La maladie tient son nom de la rivière Ebola, située dans le nord de la République démocratique du Congo (RDC, à l'époque Zaïre) où le virus a été repéré pour la première fois en 1976.L'épidémie dans cette région isolée d'Afrique centrale fait 431 morts: 280 en RDC et 151 au Soudan, selon des chiffres du CDC américain (Centers for Disease Control). Trois ans plus tard, le virus réapparaît dans la même région du sud du Soudan, faisant 22 morts.Outre la souche Zaïre, quatre autres types de virus Ebola ont par la suite été répertoriés : Soudan, Bundibugyo, Reston et Forêt de Taï. En mai 1995, la fièvre hémorragique Ebola resurgit en RDC, dans la région boisée de Kikwit, dans le sud-ouest du pays. L'épidémie se développe rapidement, provoquant la mort de 250 personnes sur les 315 cas recensés, soit un taux de mortalité de 81%. Ce virus qui se transmet par contact direct avec le sang, les secrétions corporelles, la manipulation sans précaution de cadavres contaminés n'épargne pas le personnel soignant. En septembre 2000, une poussée de fièvre Ebola touche pour la première fois l'Ouganda (souche Soudan), affectant les régions de Gulu (nord), Masindi (nord-ouest) et Mbarara (sud-ouest). En cinq mois, 425 personnes contractent le virus qui fait 224 morts. Déjà affecté à trois reprises entre 1994 et 1997, le Gabon est de nouveau touché entre octobre 2001 et mai 2002 par une flambée de fièvre Ebola type Zaïre.

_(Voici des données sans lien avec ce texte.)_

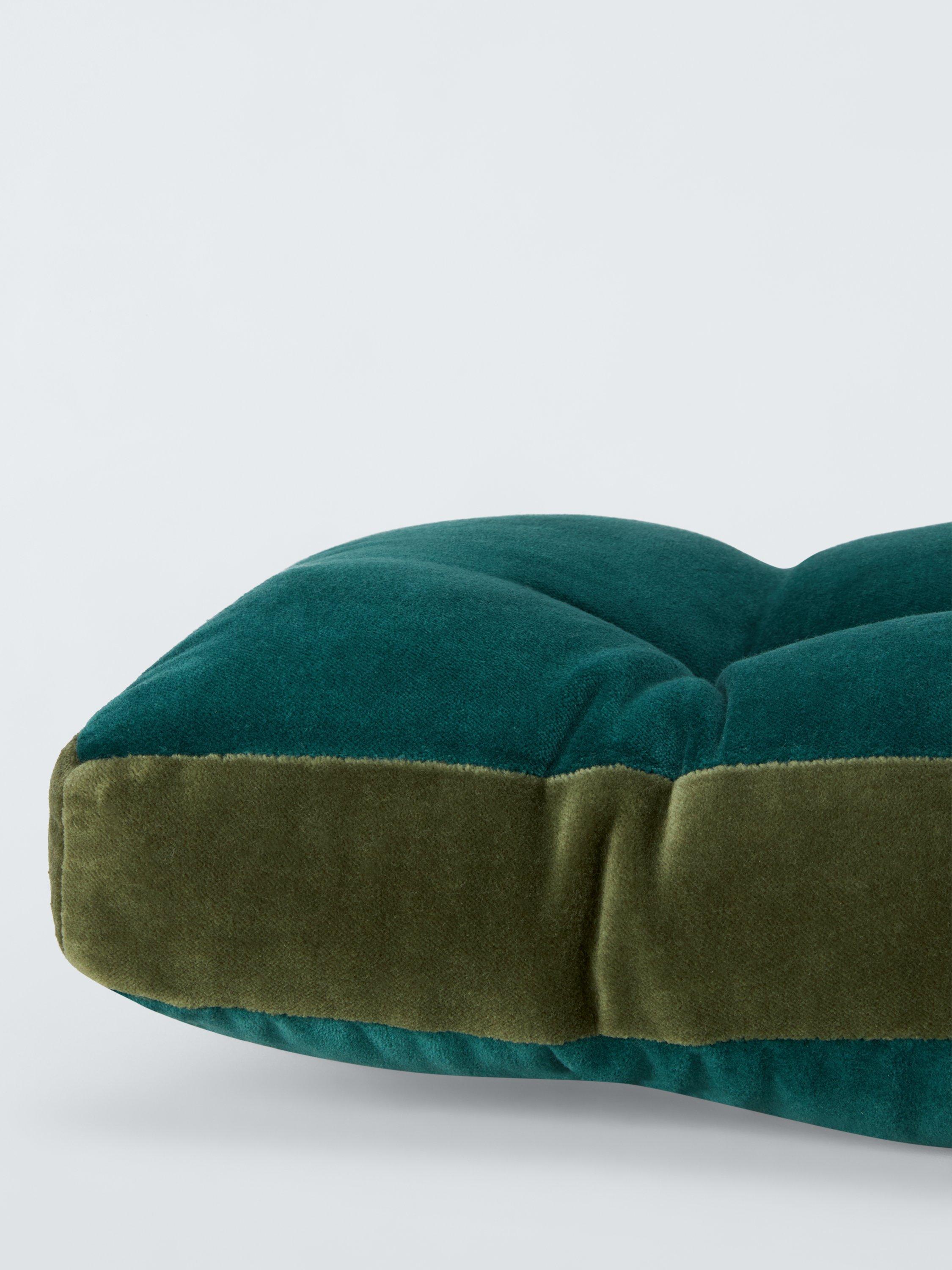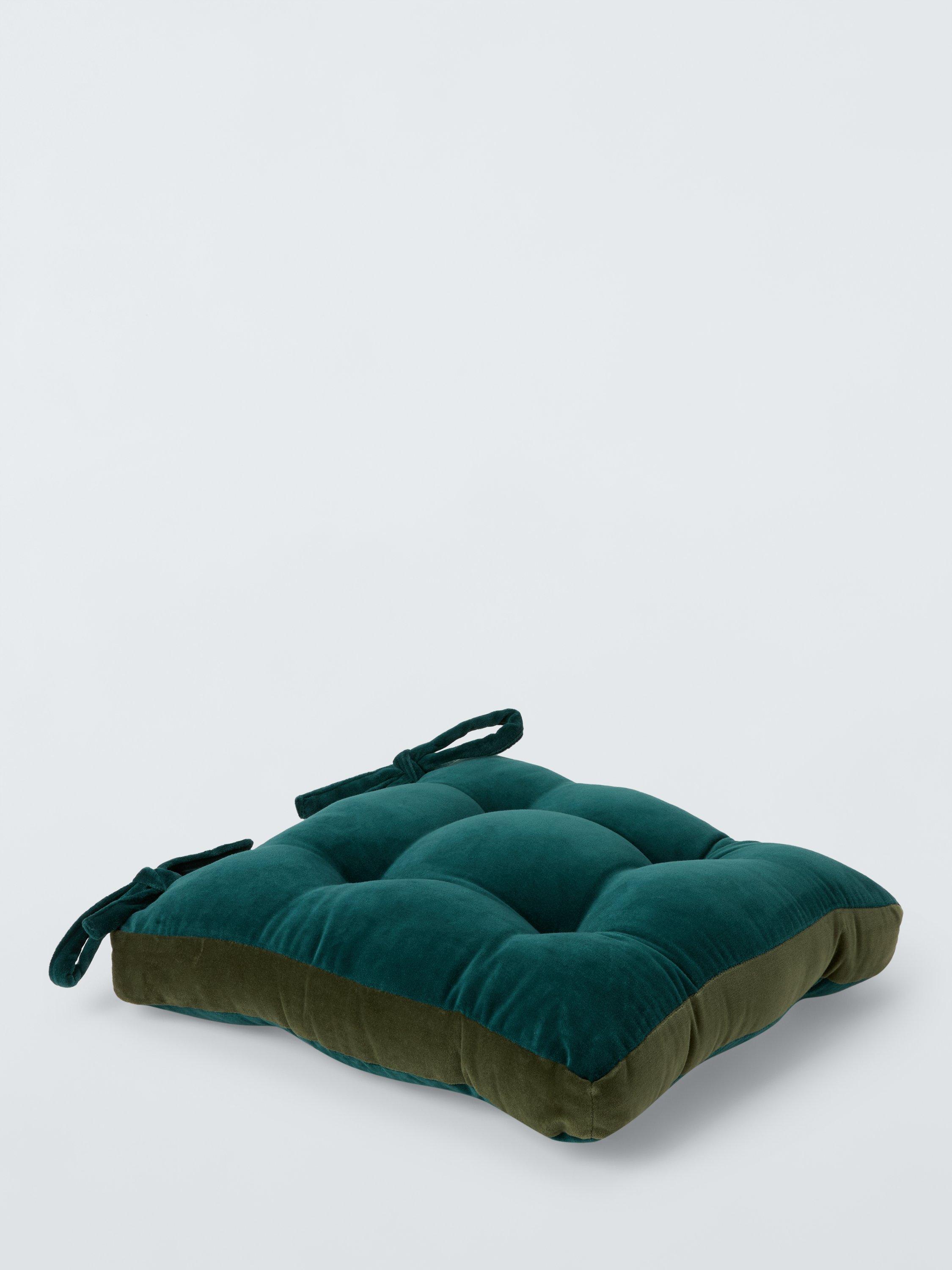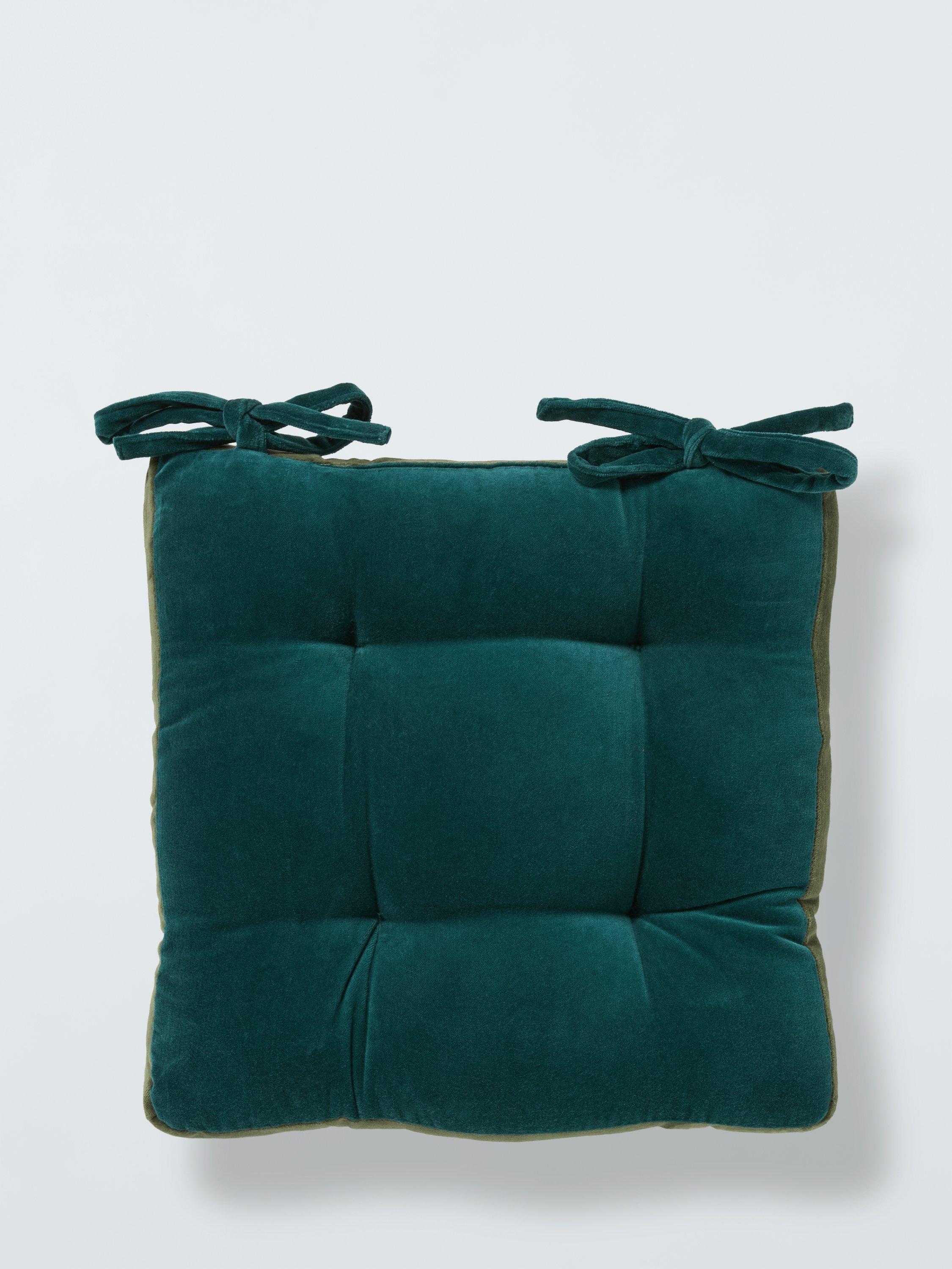 Add a comfortable layer to dining chairs with these polyester filled seat pads. They fasten easily at the back with ties and are covered in plush velvet in two contrasting shades.

L'épidémie frappe la province de l'Ogooué-Ivindo (nord-est), déjà précédemment touchée, et fait 53 morts sur un total de 65 cas répertoriés. Le virus se propage au Congo voisin, où il tue 44 personnes. Début 2003, l'épidémie repart au Congo, et fait 128 morts sur 143 personnes contaminées. Le département de la Cuvette-Ouest (nord-ouest) est particulièrement touché, les populations y auraient manipulé des carcasses de singes ayant succombé au virus. Quelques mois plus tard, un troisième épisode de fièvre fait une trentaine de victimes dans la région. L’épidémie la plus meurtrière à ce jour s'est déclarée en Afrique de l'Ouest en décembre 2013 et a duré plus de deux ans, faisant plus de 11.300 morts sur 29.000 cas recensés. Les victimes se concentrent à 99% dans trois pays limitrophes: la Guinée, d'où est partie l'épidémie (plus de 2.500 morts), la Sierra Leone (plus de 3.900 morts) et le Liberia, qui a payé le plus lourd tribut avec le décès de 4.800 personnes. Ce bilan, sous-évalué selon l'OMS, est alors sept fois supérieur au nombre total de morts d'Ebola depuis 1976.L'épidémie qui a pris fin le 24 juillet s'est déclarée le 8 mai 2018 dans le nord-ouest de la RDC, à la frontière avec le Congo-Brazzaville. Au total, 54 cas ont été signalés dans la région, dont 33 décès. Il s'agissait de la neuvième sur le sol congolais depuis l'identification du virus. En 2007, la fièvre hémorragique qui avait particulièrement sévi au Kasaï occidental (centre) entre avril et octobre, avait fait 187 morts sur 264 cas répertoriés. Une autre épidémie avait fait 43 morts en 2012.